**REQUIREMENT**: No pictures, no extra lines: copy exactly from the line with "4、在賬戶與安全頁面,點(d" through the end of the entries.

--- RECORDS SUPPLIED ---

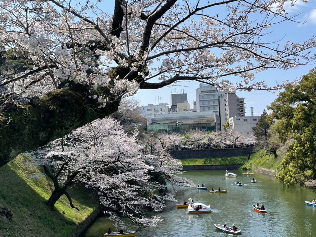 First up is ‘Chidorigafuchi’, a famous cherry blossom spot in the city centre. This park, built around the outer moat of Edo Castle, is home to 230 cherry trees that bloom beautifully. The view of the expansive moat and cherry blossoms from the hilltop creates an elegant atmosphere that feels a world away from the city centre. The view from the water, as seen from a boat, is also delightful.
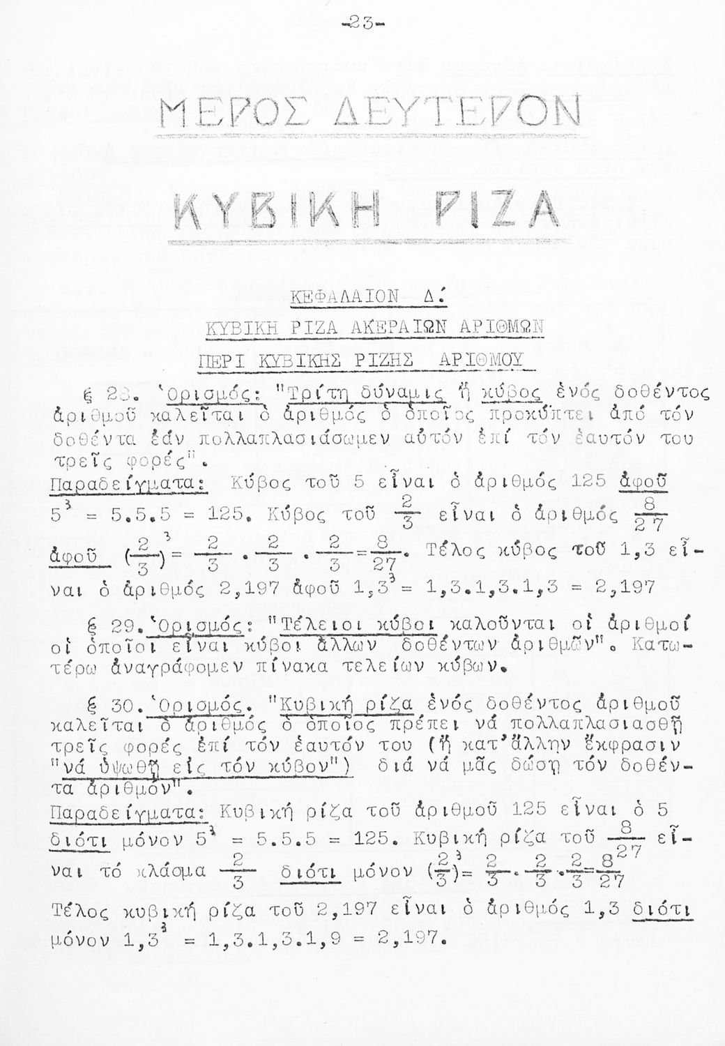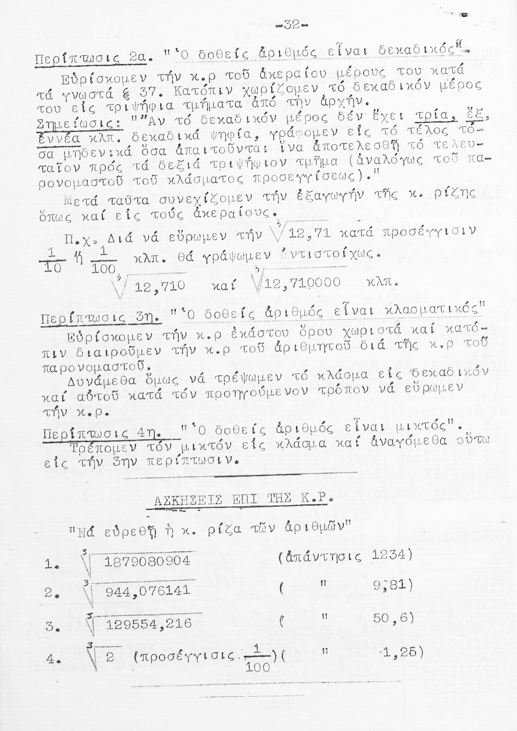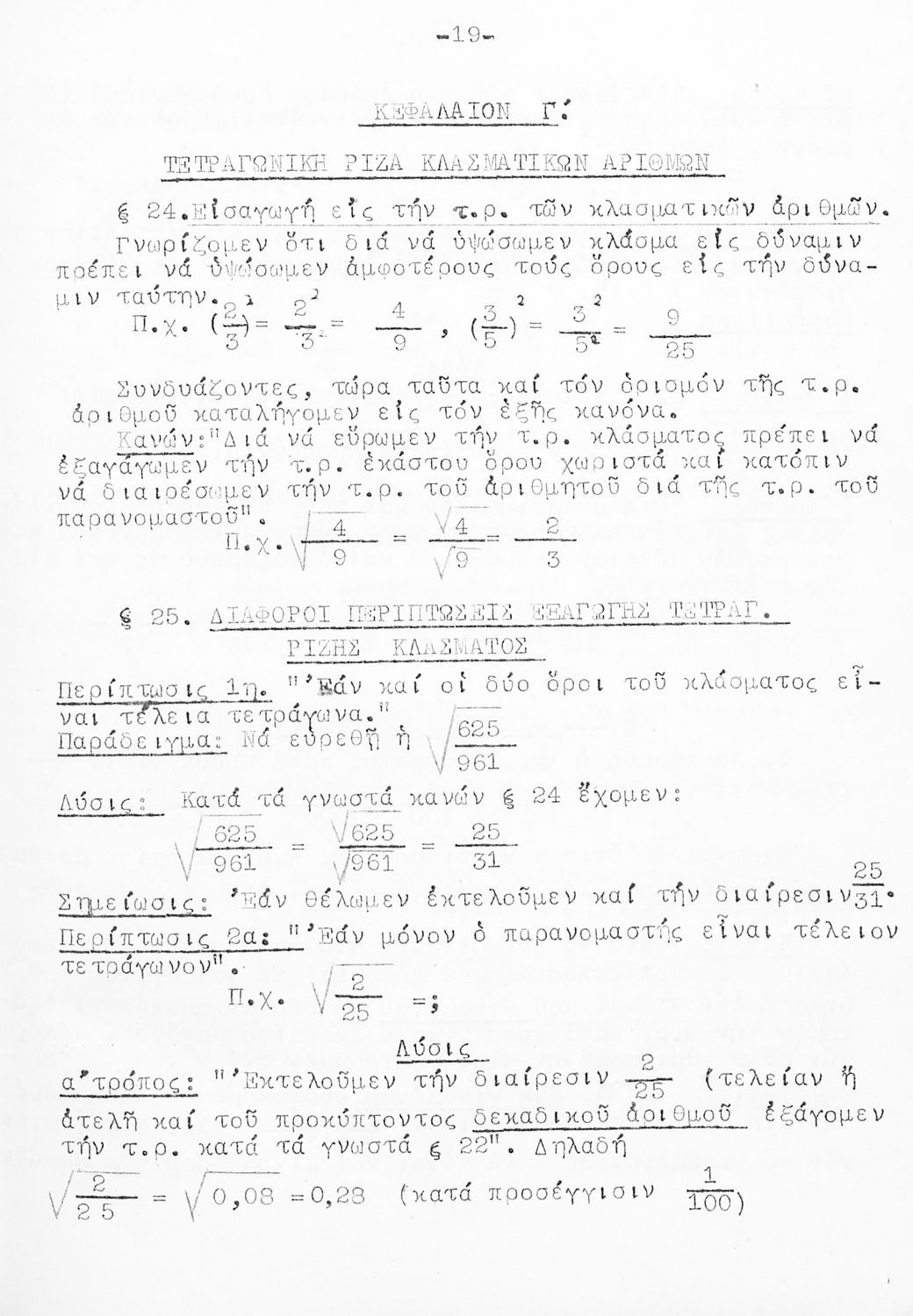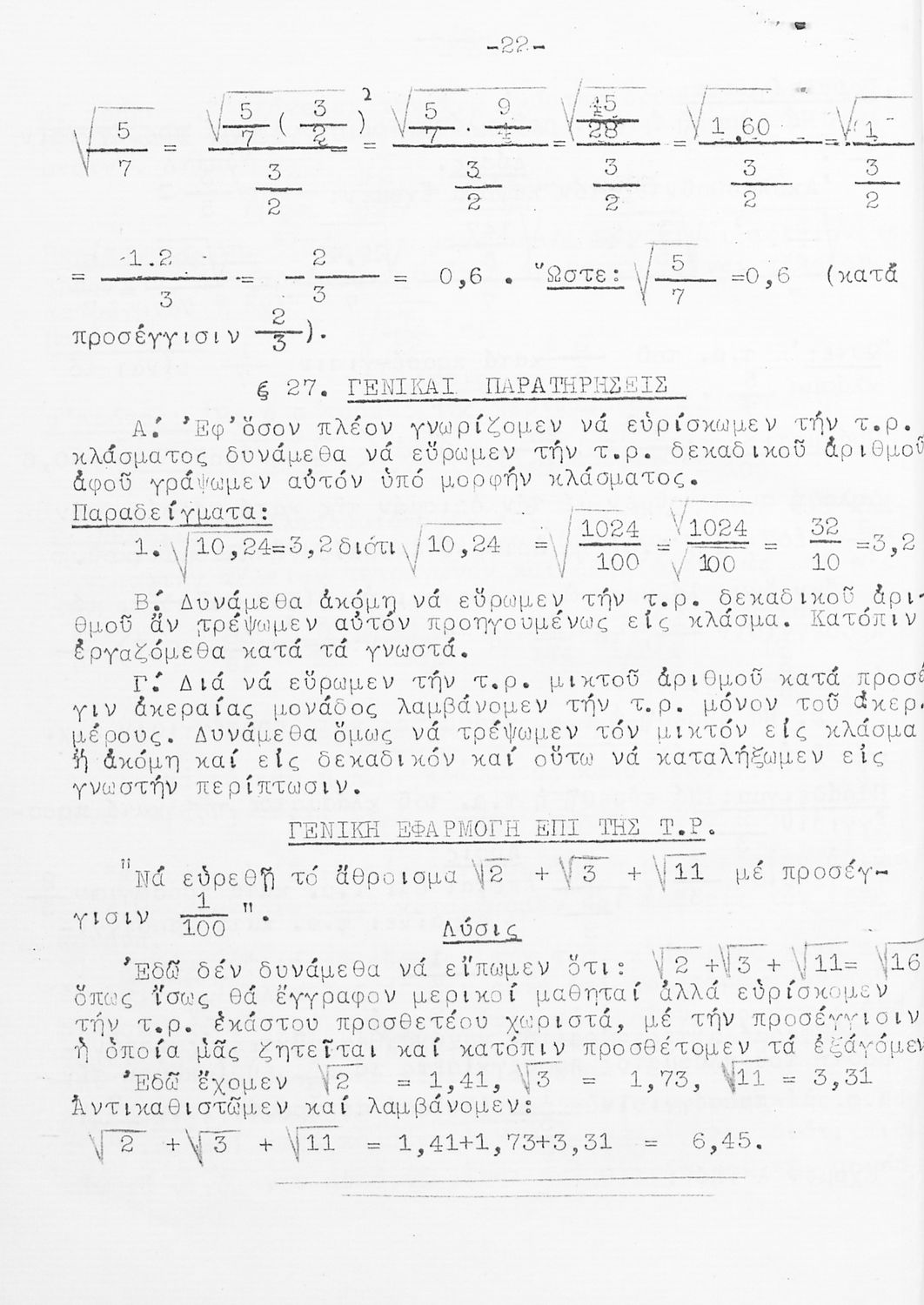 Μαθητικό βοήθημα Μαθηματικών για τους μαθητές των Γυμνασίων και των Εμπορικών και Τεχνικών Σχολών καθώς και δια τους Υποψηφίους των Ανωτάτων Σχολών. Το βιβλίο πραγματεύεται την έννοια της τετραγωνικής ρίζας και της κυβικής ρίζας των αριθμών, δεκαδικών, κλασματικών, ακέραιων.
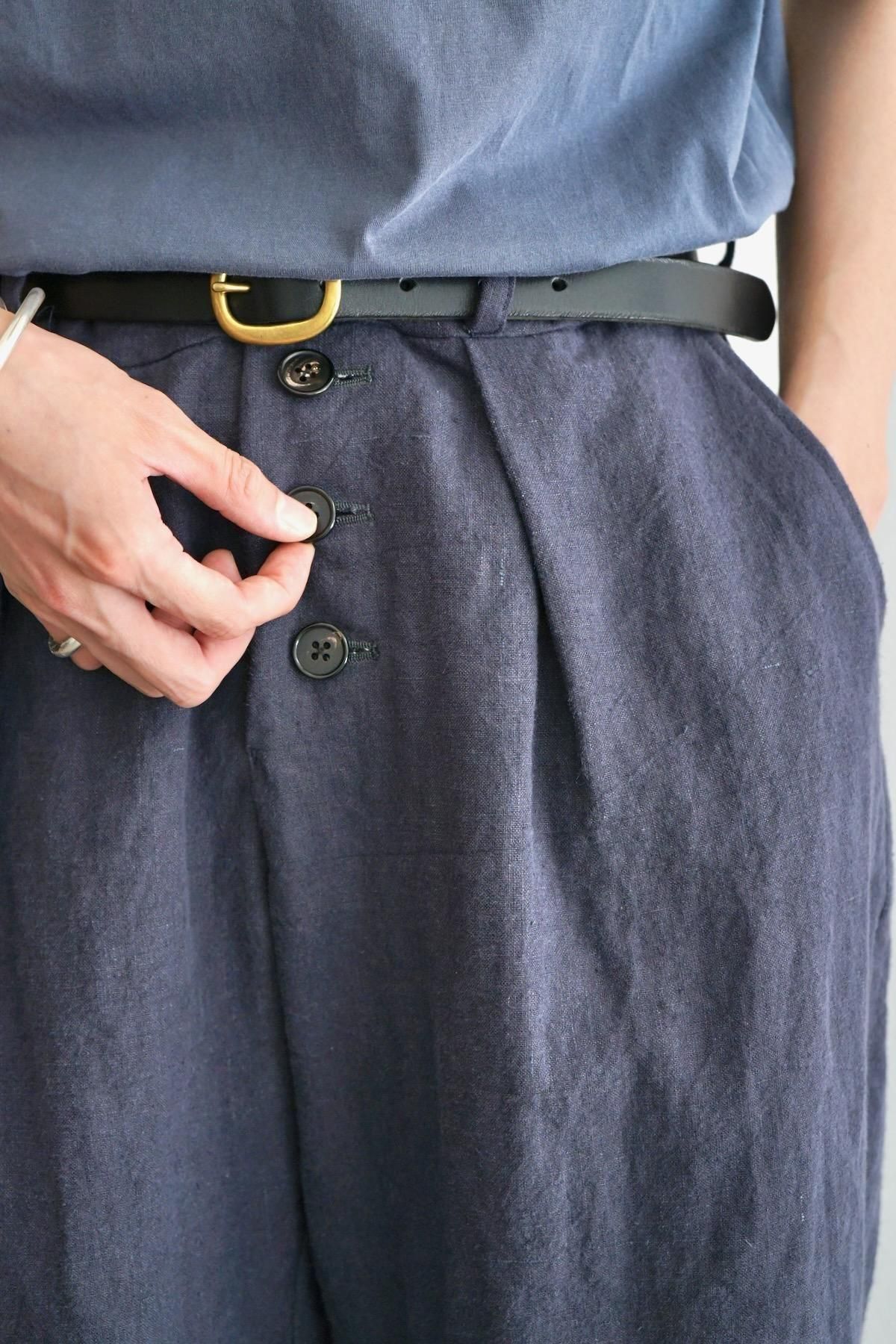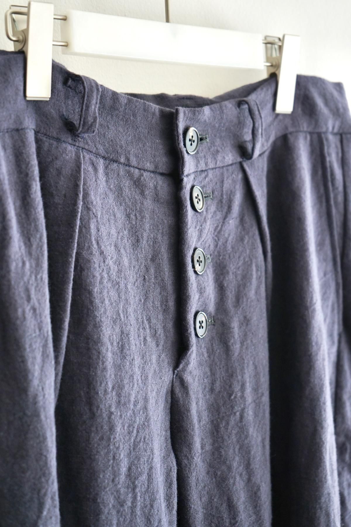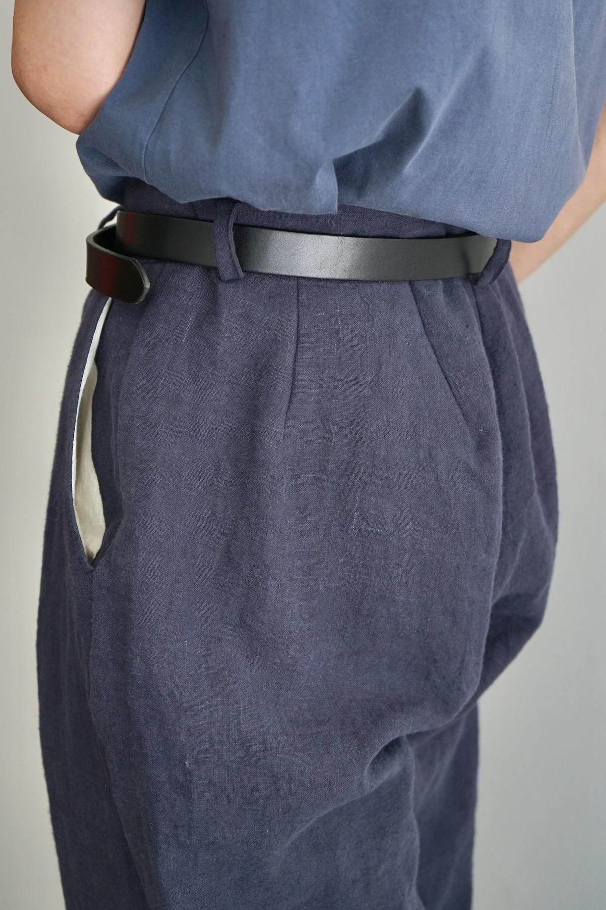 使用している生地はすべて日本国内で織布・加工されており、ウールは一宮市周辺の尾州産、リネンは江戸時代から続く「紅染(もみぞめ)」と呼ばれる伝統技法を用いて、東京下町の染色工場で染め上げています。
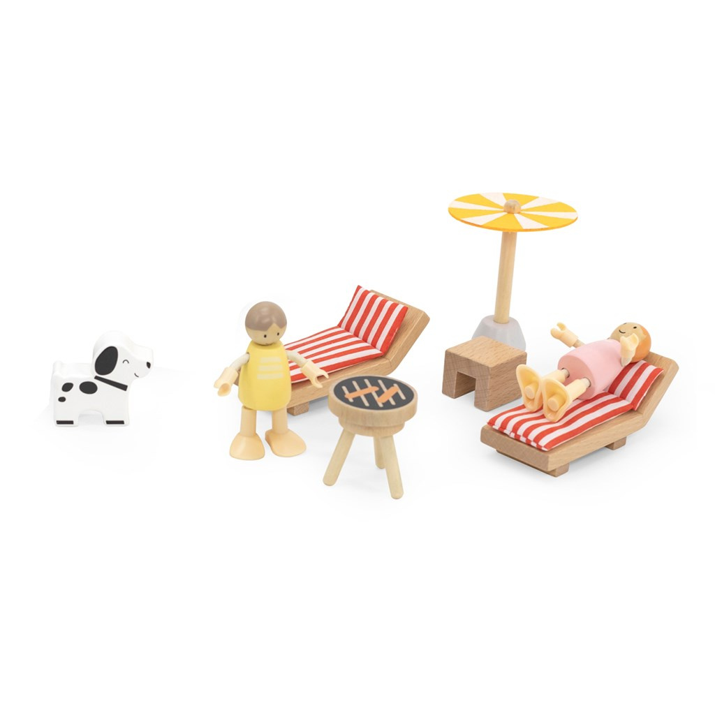 Multifunkčnost – sada obsahuje mnoho doplňků (panenky, lehátka, gril, slunečník, pejsek aj.), které poskytují rozmanité možnosti hry a zabaví dítě po dlouhou dobu
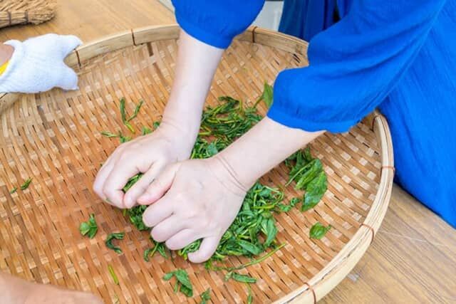 この作業を数回繰り返します。力がいる作業ですが、昔は各家庭でこうしてお茶が作られていました。
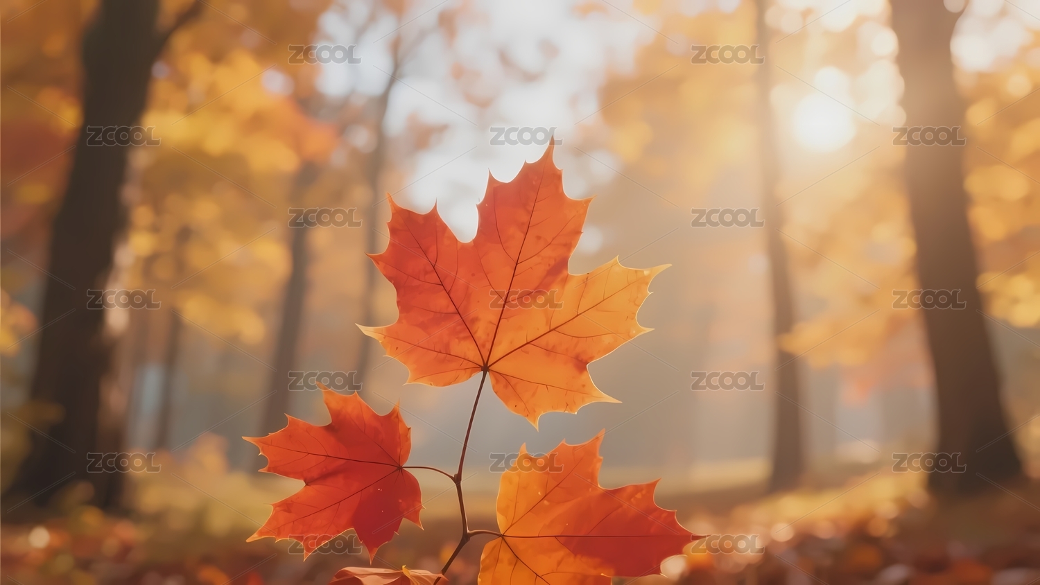秋日森林中的橙色枫叶
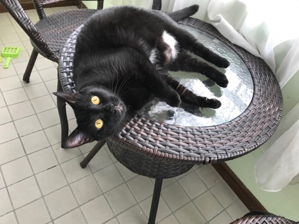 ミミちゃんは、寝室のベッドとサンルームのテーブルの上だ。特に、ここでお腹を撫でられるのが好きなのだ。
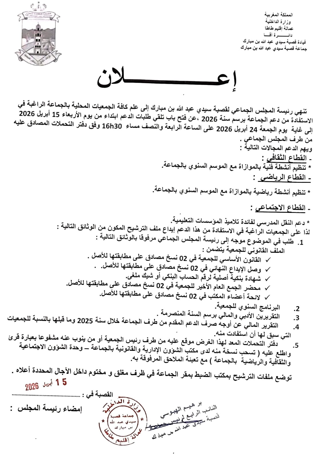 اعلان عن تلقي طلبات الدعم الموجه لفائدة الجمعيات المتواجدة بجماعة قصبة سيدي عبدالله بن مباركبرسم سنة 2026
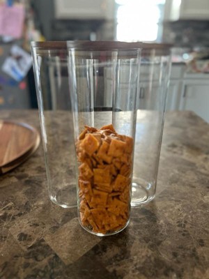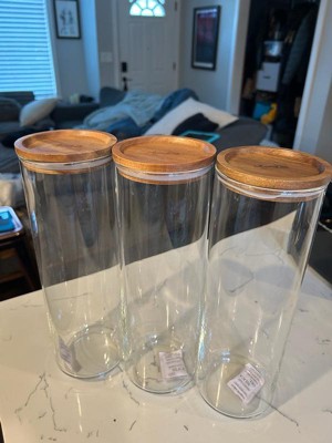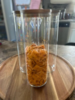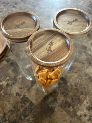 For the ingredients that need a little extra room—whether you're stocking up or staying organized. This trio of glass canisters with wood lids are perfect for spaghetti, breadsticks, and long grains (no snapping or squeezing needed!). Big on storage, sleek in style.
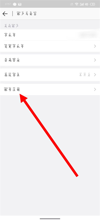 4、在賬戶與安全頁面,點(diǎn)擊賬號(hào)注銷,進(jìn)入賬號(hào)注銷說明頁面。
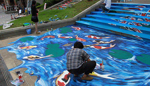 你可以發揮想象,用彩繪的方法給露臺或休憩區畫上圖案,增加個性亮點,也可以直接畫出一塊面積,制造出地毯的效果。彩繪的色彩注意和周圍的環境、戶外家具和諧。顏料在美術用品商店或淘寶網上都能買到。

---

**WRITTEN RESPONSE**:
 4、在賬戶與安全頁面,點(diǎn)擊賬號(hào)注銷,進(jìn)入賬號(hào)注銷說明頁面。
 你可以發揮想象,用彩繪的方法給露臺或休憩區畫上圖案,增加個性亮點,也可以直接畫出一塊面積,制造出地毯的效果。彩繪的色彩注意和周圍的環境、戶外家具和諧。顏料在美術用品商店或淘寶網上都能買到。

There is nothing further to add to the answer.